Tale corrente filosofica, nominata “realismo” e comunque distinta da un semplice realismo ingenuo, rappresenta la base metafisica dell'azione scientifica. Una cornice metafisica dunque, rimasta inalterata anche davanti a rompicapo della natura che sembrano mettere in crisi tale assunto - il riferimento scontato è per la fisica del sub nucleare, la meccanica quantistica -, in cui si ammette che esiste, “là fuori”, “una realtà” autonoma, che sussiste in coerenza, a prescindere dalla nostra osservazione, e si estende a comprendere anche il nostro “essere” o, più prosaicamente, di cui siamo parte .
L'atteggiamento dello scienziato contemporaneo non può più prescindere dalla corretta valutazione epistemologica sia del proprio ambito di ricerca che dei limiti intrinseci della stessa rispetto alla realtà in sé. E questo vale in special modo allorquando si cerca di avvicinare i temi inerenti le manifestazioni dell'oggetto più complesso osservabile in natura: il cervello umano.
Da un'esatta collocazione epistemologica di questa stupefacente opera della natura deriva addirittura la corretta consapevolezza del nostro stesso processo d'indagine, aspetto determinante proprio in campi di ricerca in cui convergono non solo interessi scientifici, ma temi filosofici ed esistenziali di ciascun essere umano. A questo argomento afferiscono infatti gli interrogativi più universali dell'uomo: da dove proveniamo? Chi siamo e cosa saremo? Perché esistiamo? Perché tutto questo e non altrimenti? Quali influenze ha sul nostro comportamento e sulla nostra personalità l'ambiente in cui ci formiamo, “sorgiamo” psichicamente, e quali influenze possono esprimere determinate strutture socioculturali sulla nostra stessa consapevolezza?
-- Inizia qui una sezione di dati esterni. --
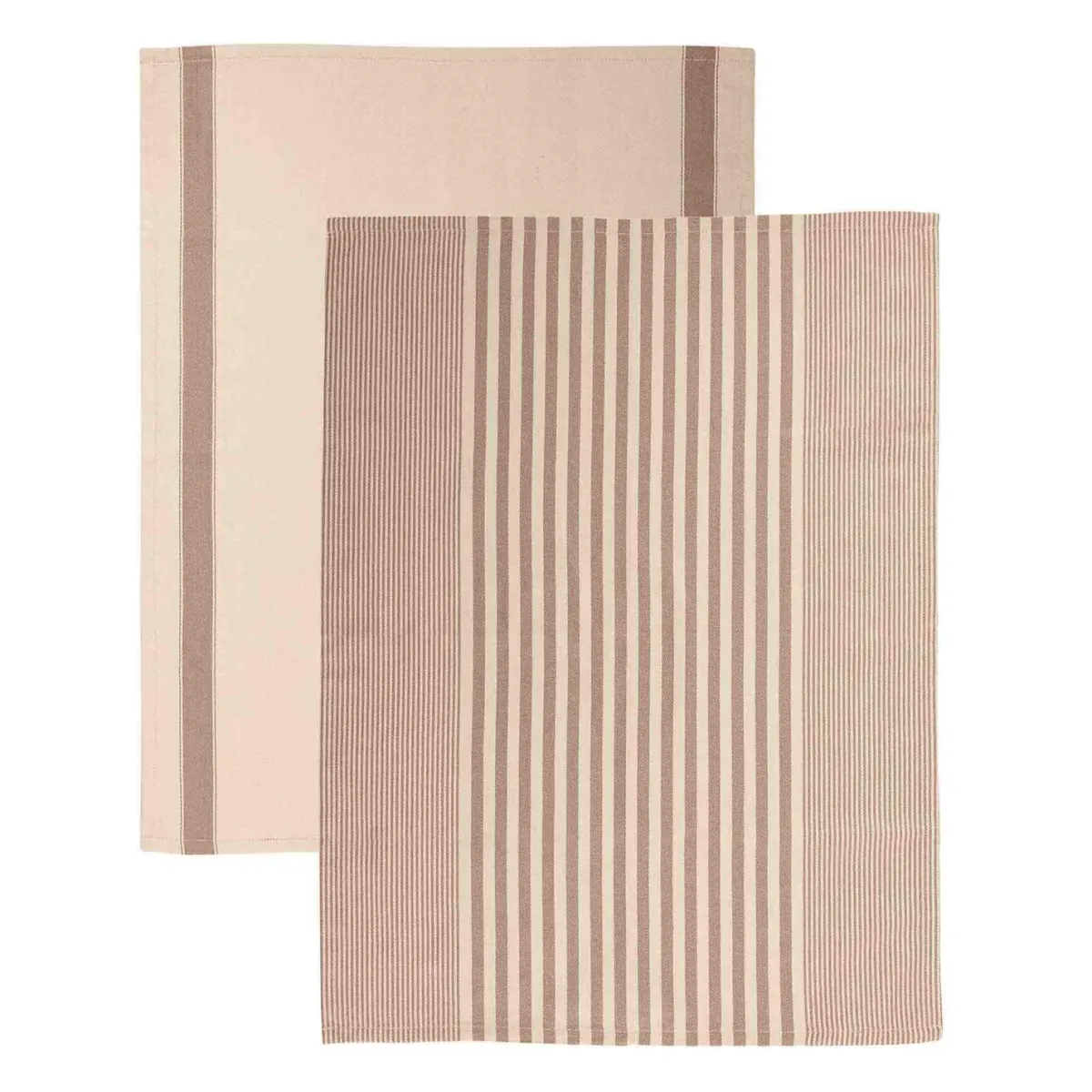 Forny kjøkkenet med disse sjarmerende kjøkkenhåndklærne i harmoniske jordtoner. Perfekte til å tørke opp, dekke til nystekte bakverk eller som et dekorativt innslag. To ulike mønstre gir variasjon – en med klassiske striper og en ensfarget med stilige detaljer. Kombiner gjerne med matchende kjøkkenprodukter, som dekkebrikker og grytekluter, for et gjennomført uttrykk.

In particolare negli ultimi decenni, sull'onda lunga di un'impressionante maturità esplicativa, la scienza ha iniziato ad affacciarsi in modo sempre più netto, e sicuramente “ingombrante” per taluni, anche in ambito filosofico. Una “invadenza” che ha inevitabilmente originato un acceso contrasto intellettuale. Il patto sacro tra scienziati e filosofi, implicitamente stipulato agli albori della storia della scienza moderna, sembra sul punto di rompersi. Quali gli scenari, quali i risultati?
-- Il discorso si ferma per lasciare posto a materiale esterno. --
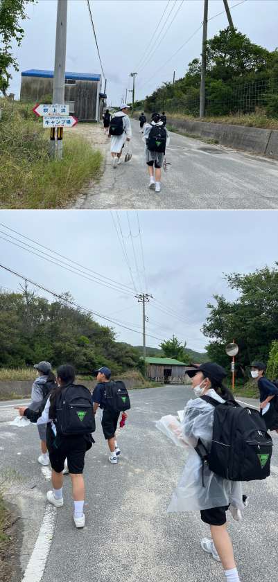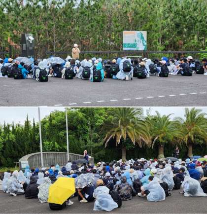 午後の活動の様子です。1・2・4組の謎解きハイキングの一コマです。小雨の中でのスタートなので雨具持参です。
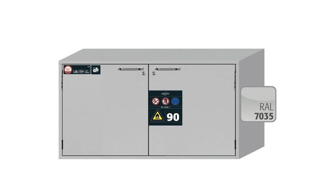 EN 14470-1 mukainen paloturvakaappi 90 min. palonsuojauksella, sijoitus tason alle, helposti syttyvien vaarallisten aineiden varastointiin työtiloissa. Ulkomitat 1102 x 574 x 600 mm (LxSxK). Vakiovarusteena perferoitu säilytystaso ja pohja-allas.. Saatavana myös 502 mm syvyydellä.
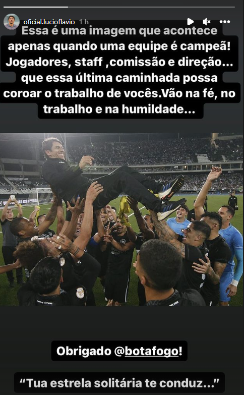 O técnico Lúcio Flávio divulgou uma mensagem de despedida do Botafogo. Em publicação nas redes sociais, na tarde desta terça-feira (14), o profissional que estava no cargo de maneira interina desejou sucesso ao elenco na reta final do Campeonato Brasileiro. Na sequência, o clube anunciou oficialmente a demissão do ex-jogador.

Lo scienziato moderno spesso fa proprio un atteggiamento di specializzazione della ricerca che porta ad approfondire progressivamente lo studio di un ambito sempre più ristretto e particolareggiato d'indagine. Se questa specializzazione è l'inevitabile prezzo da pagare per far fronte allo sforzo sempre più esasperato e concentrato della ricerca scientifica, è altrettanto importante sottolineare la continua necessità di condurre dei tentativi di sintesi dello state of art delle diverse discipline.
Nel corso della storia della scienza non sono mancati esempi di studiosi capaci di porre “trasversalmente” inquietanti e pertinenti interrogativi, nonché di fornire perspicaci risposte, o quanto meno di delinearne alcuni fondamentali contenuti, in settori formalmente lontani dai propri.
Pensiamo ad esempio a Schrödinger ed alla sua intuizione, pertinente nel campo della biologia, sull'esistenza del DNA, che il grande fisico ipotizzò nel suo autorevole What Is life? (1) ricorrendo all'immagine dei cristalli aperiodici, o alla valenza filosofica della teoria evoluzionistica della conoscenza sviluppata, tra gli altri, dall'etologo Lorenz e da questi esplicitata esaurientemente in L'altra faccia dello specchio (2) .
Quest'istanza risulta quanto mai “necessaria” nell'ambito delle scienze dell'uomo. In questo campo infatti è oramai incalzante l'esigenza di un approccio olistico, di una forma mentis inedita, criticamente aperta verso una padronanza efficace di contesti, linguaggi, tecniche e strumenti di lavoro molto diversi tra di loro.
Cogliere le connessioni ed i vincoli esistenti tra aspetti disciplinari reciprocamente lontani, trarre correlazioni tra discipline apparentemente divise da ampi iati, ad esempio tra fisica quantistica, teoria dei sistemi e scienze umane, costituisce un risultato di ricerca significativo, che nulla ha da temere rispetto a classici studi in campi specifici delle scienze umane, come la psicologia, la neurologia, l'etnopsichiatria, la sociologia. Questi obiettivi trasversali possono essere conseguiti solo tirando le fila di un'estesa indagine, purtroppo non onnicomprensiva data l'ampiezza del dispiegarsi delle varie discipline, su cui dinanzi ad un'inevitabile despecializzazione si possa far affidamento quale adeguato contraltare all'ampiezza di un'analisi “meta-disciplinare”.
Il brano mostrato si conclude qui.